Descriptions / Taxonomy fast-path — fix artifact cache misses¶
Motivation¶
Opening the Recent searches → Descriptions tab took 5–15 seconds on the
first hit per session even though the backend already pre-bakes a
"default" alignments artifact on job completion. The two-line gate
that decides whether to serve the artifact was too strict: it only
matched callers who omitted page_size, but the SPA's default query
always sends page_size: 100 (the same size the artifact is baked
at). Result: every Descriptions tab open went down the cold parse
path — list blobs → download → parse → annotate → sort → paginate —
even when a ready artifact existed.
The Taxonomy tab had the analogous problem after the
2026-05-22-taxonomy-ncbi-parity change made the SPA always send
include_lineage=true. The pre-baked taxonomy artifact contained no
lineage, so the gate refused to serve it.
User-facing change¶
- Descriptions tab opens in ~50–200 ms instead of 5–15 s on every subsequent open of a job whose artifact has been built. The first open of a brand-new job still runs the cold path AND enqueues the backfill so the second open is fast.
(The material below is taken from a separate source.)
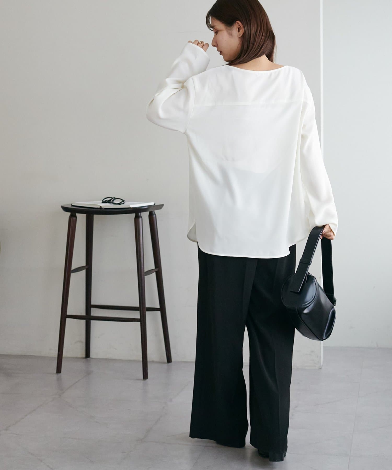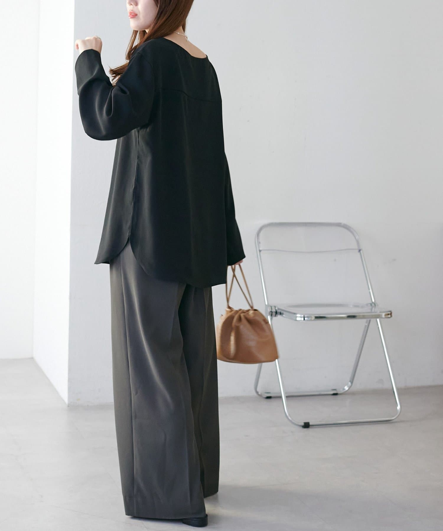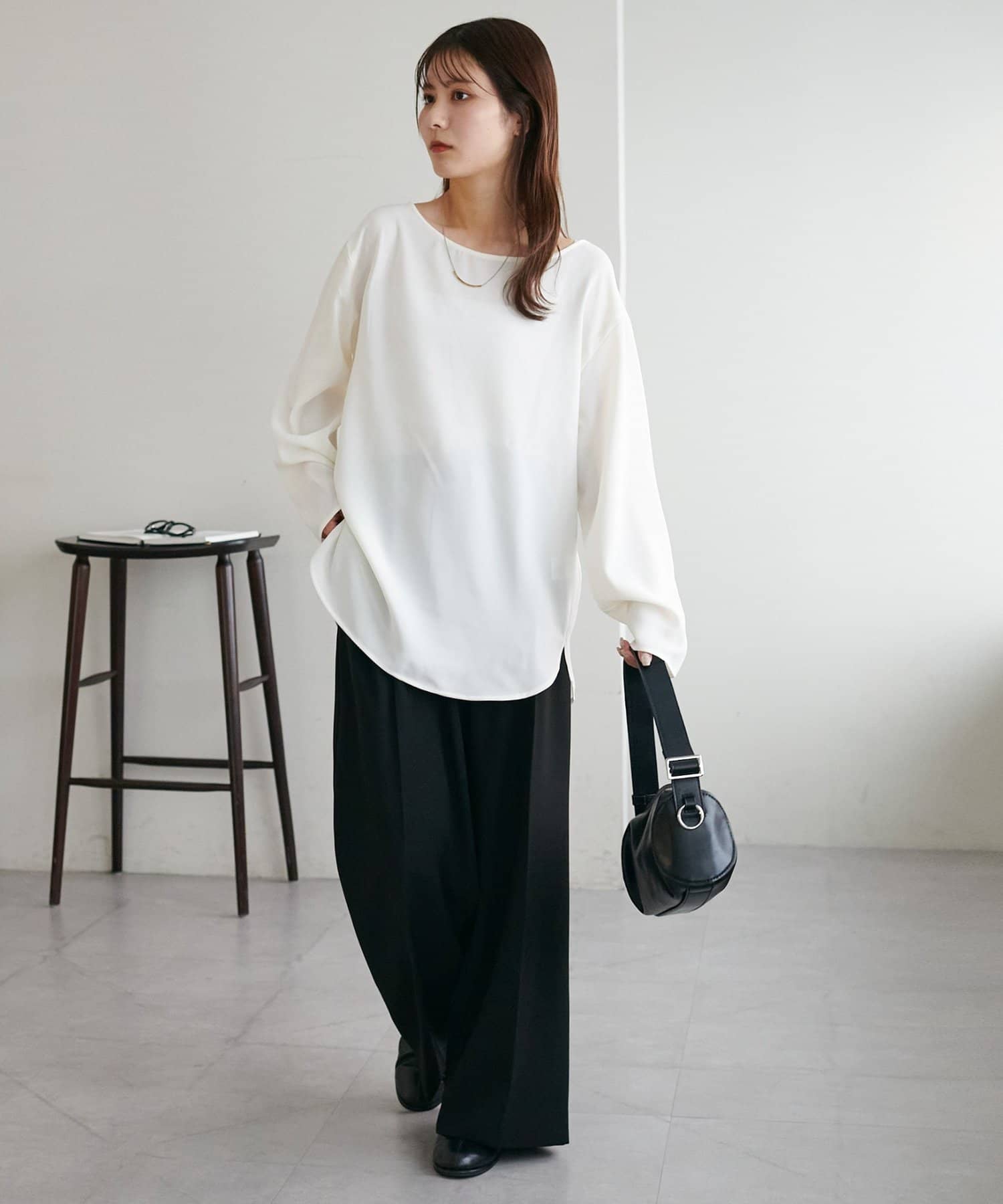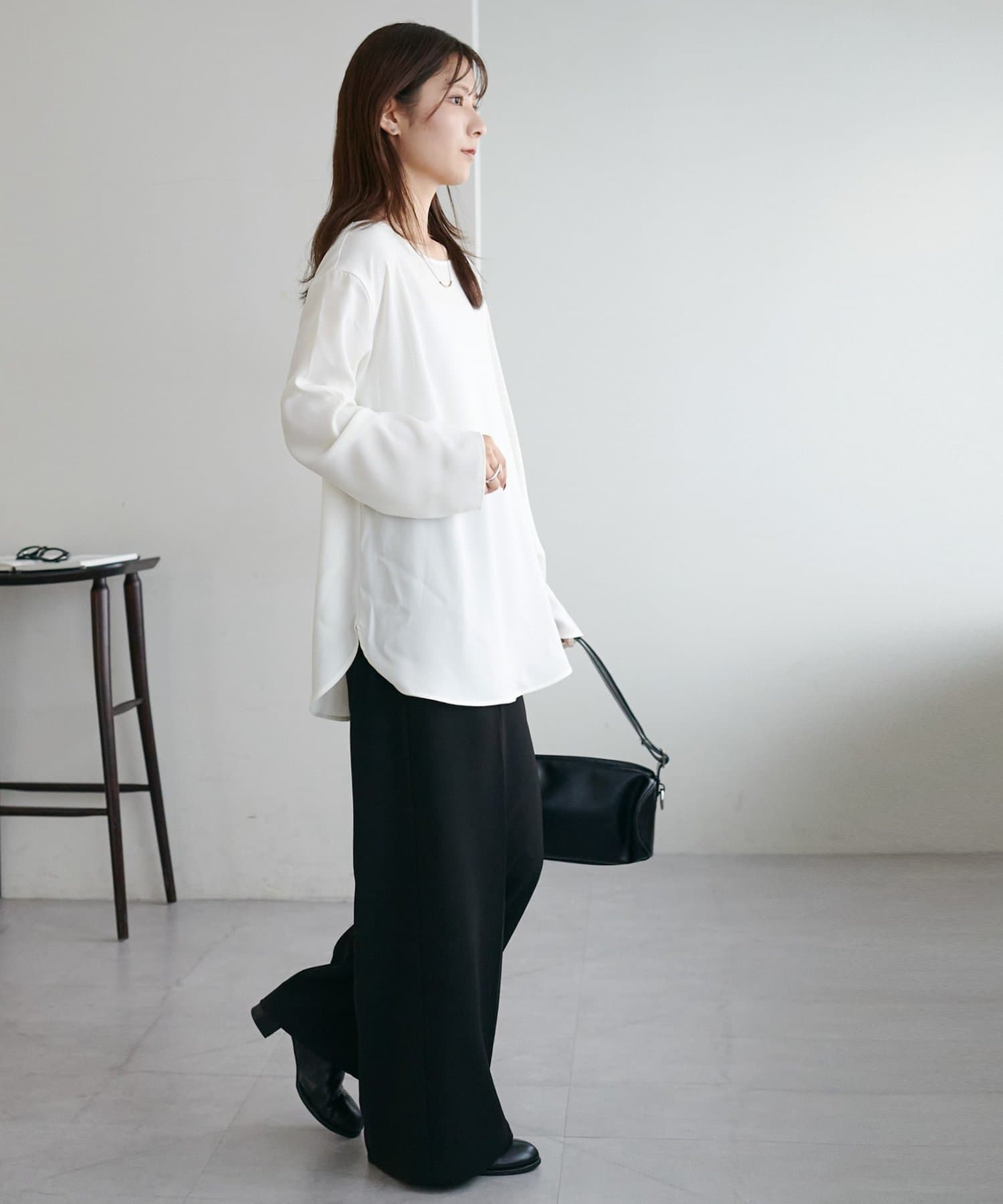 160cmスタッフ:シンプルなデザインですが、裾にスリットが入っていることで一枚でも様になります!着丈が長めなので、高身長の方にもおすすめ◎一枚持っていると、お仕事から学校行事、普段使いまで着回しできるブラウスです。

- Taxonomy tab Organism view now serves from the artifact too,
with
lineage/blast_namealready populated — no per-open eutils round-trip on the request thread. - No filter / sort / page-size change affects the user — the gate only matches the exact "default" request the SPA sends on first open. Any user-applied filter still routes to the cold parser so results stay correct.
API / IaC diff summary¶
api/routes/blast/result_helpers.pydefault_alignments_request: acceptpage_size in (None, RESULTS_DEFAULT_PAGE_SIZE).default_taxonomy_request: drop theinclude_lineage=falseguard now that the artifact carries lineage.api/services/blast_result_artifacts.pybuild_default_taxonomy_payload: enrich the rolled-up organisms with lineage /blast_name(top-20 organisms, eutils cached) so the artifact matches what the SPA's default Taxonomy query asks for. Lineage enrichment is wrapped in a best-effort try/except — a transient eutils failure does not block the artifact bake.- No infra / Bicep changes.
Validation¶
uv run pytest -q api/tests→ 977 passed.uv run ruff check api/routes/blast/result_helpers.py api/services/blast_result_artifacts.py→ clean.- Manual: a job whose
result_alignmentsartifact exists now returnssource: "artifact"/artifact_state: "ready"for the SPA's default query (verified by sending the exact query the SPA sends and inspecting the response).
Follow-up — artifact schema versioning (same day)¶
The first pass shipped a hidden trap: once an analytics artifact was
written as status: ready, artifact_build_should_enqueue would
never re-trigger a rebuild, so any job whose artifact had been baked
by an older code version stayed stale forever. After Phase 1+2 went
out, the Taxonomy tab kept showing "Unclassified" for jobs whose
result_taxonomy artifact had been built before the stitle fallback
landed.
Fix:
api/services/job_artifacts.py- New
_ANALYTICS_ARTIFACT_MIN_SCHEMA_VERSIONtable — bump the entry for an artifact type whenever its builder's payload semantics change, and stamp the matching version in the builder. read_result_analytics_artifactnow reads the payload, checksartifact_schema_version, and on miss flips the state row tostatus: failedwitherror_code: schema_staleso the next request triggers a rebuild viaartifact_build_should_enqueue.api/services/blast_result_artifacts.pybuild_default_alignments_payloadandbuild_default_taxonomy_payloadnow emit"artifact_schema_version": 2. The minimum table for both is set to 2, matching the Phase 2 rollup changes.api/tests/test_job_artifacts.py- Two new tests lock in the stale-detection contract
(
test_read_result_analytics_artifact_treats_missing_schema_as_stale,test_read_result_analytics_artifact_returns_fresh_payload).
Operational note: rolling out this change picks up automatically on the next request per job — the SPA reads the artifact, the route sees a stale state, the worker rebuilds, and the second request is fast. Local dev environments must restart the Celery worker after pulling so the new builder code is loaded; the stale flag would otherwise rebuild via the old code and stay stuck.